3. The electric control cabinet according to claim 2, wherein the driving mechanism further comprises a fixing frame and a second rotary drum sleeved on the first rotary drum, the first rotary drum is configured to drive the second rotary drum to synchronously rotate and allow the second rotary drum to axially move relative to the first rotary drum, a spiral groove extending around the periphery of the second rotary drum is formed in the outer wall of the second rotary drum, the fixing frame is fixedly connected to the inside of the cabinet body and comprises a guide rod, and the end portion of the guide rod is inserted into the spiral groove so as to enable the second rotary drum to axially move when the second rotary drum rotates, and the rotary ring is connected to the second rotary drum.

4. The electric control cabinet according to claim 2, wherein the driving member comprises a driving motor, a first gear is fixedly sleeved on an output shaft of the driving motor, a second gear is fixedly sleeved on the first rotary cylinder, and the first gear is in meshed connection with the second gear.

5. The electric control cabinet according to claim 2, wherein a first bearing is fixedly sleeved on the first rotary cylinder, a plurality of fixing rods are fixedly connected to an outer ring of the first bearing, the fixing rods are arranged at intervals along the outer ring of the first bearing, and one ends, far away from the first bearing, of the fixing rods are fixedly connected to the inside of the cabinet body.

6. The electric control cabinet according to claim 3, wherein the fixing frame comprises a supporting rod, a sliding rod and a connecting rod, the supporting rod is fixedly connected to the cabinet body, the sliding rod is movably connected to the supporting rod along a direction parallel to the axis of the first rotary cylinder, a second bearing is fixedly sleeved on the second rotary cylinder, and the sliding rod is connected to the outer ring of the second bearing through the connecting rod.

7. The cabinet of claim 6, wherein the air outlet head is connected with the branch pipe through a second rotary joint, the air outlet head is rotatably connected with the rotary ring around a first axis, a third gear is fixedly sleeved on the air outlet head, the driving mechanism further comprises a gear ring connected with the connecting rod, the central axis of the gear ring coincides with the central axis of the rotary ring, and the third gear is meshed with the gear ring.

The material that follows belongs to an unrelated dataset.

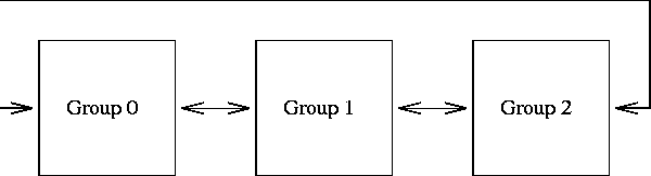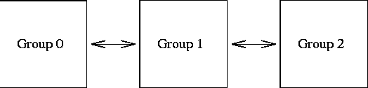 Groups 0 and 1 communicate. Groups 1 and 2 communicate. Therefore, group 0 requires one inter-communicator, group 1 requires two inter-communicators, and group 2 requires 1 inter-communicator.

8. The electric control cabinet according to claim 3, wherein the outer wall of the second rotary cylinder is fixedly connected with a plurality of extension rods, the extension rods are arranged at intervals along the circumference of the second rotary cylinder, and the other end of each extension rod, which is far away from the second rotary cylinder, is fixedly connected with the rotary ring.

9. An electric control cabinet according to claim 3, wherein the manifold is disposed through the interiors of the first and second rotating drums.

10. The cabinet of claim 1, wherein the manifold is configured as a hose.